Data shown:

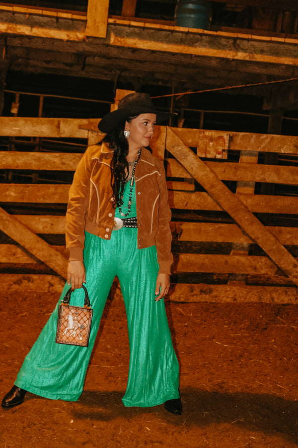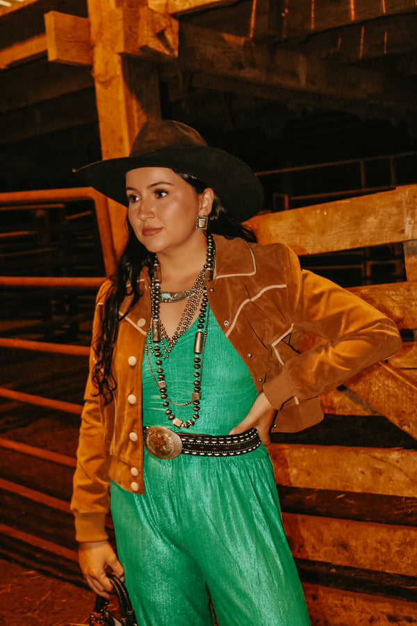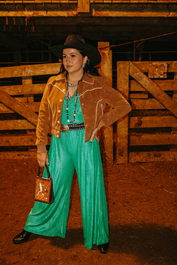 Metallic Emerald Gathered Ruched Waist Jumpsuit Open Back 97% Polyester 3% Spandex
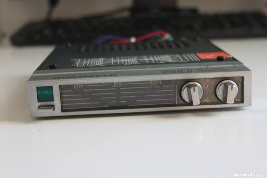 Roadstar rs-552 amplificatore da macchina, vintage, usato. Oggetto proveniente da fondo di magazzino, in condizioni e stato come da foto. Non ho possibilità di provarlo o testarne il funzionamento. Ideale per recupero componenti o per uso estetico su auto d'epoca, non escludo che funzioni, ma se ne consiglia ad ogni modo una revisione o un controllo da professionista competente. formato super mini, anche ideale per cruscotto di auto tipo fiat 500 / Morris Mini ecc. Condizioni e stato come da foto, visto e piaciuto.
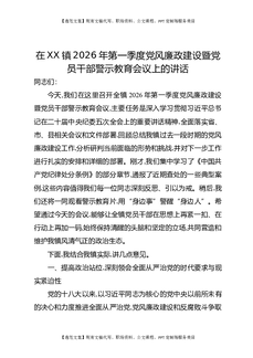 在XX镇2026年第一季度党风廉政建设暨党员干部警示教育会议上的讲话.docx

Description of the task: The expected output is the full material above, word for word, without pictures.

Answer section:
 Metallic Emerald Gathered Ruched Waist Jumpsuit Open Back 97% Polyester 3% Spandex
 Roadstar rs-552 amplificatore da macchina, vintage, usato. Oggetto proveniente da fondo di magazzino, in condizioni e stato come da foto. Non ho possibilità di provarlo o testarne il funzionamento. Ideale per recupero componenti o per uso estetico su auto d'epoca, non escludo che funzioni, ma se ne consiglia ad ogni modo una revisione o un controllo da professionista competente. formato super mini, anche ideale per cruscotto di auto tipo fiat 500 / Morris Mini ecc. Condizioni e stato come da foto, visto e piaciuto.
 在XX镇2026年第一季度党风廉政建设暨党员干部警示教育会议上的讲话.docx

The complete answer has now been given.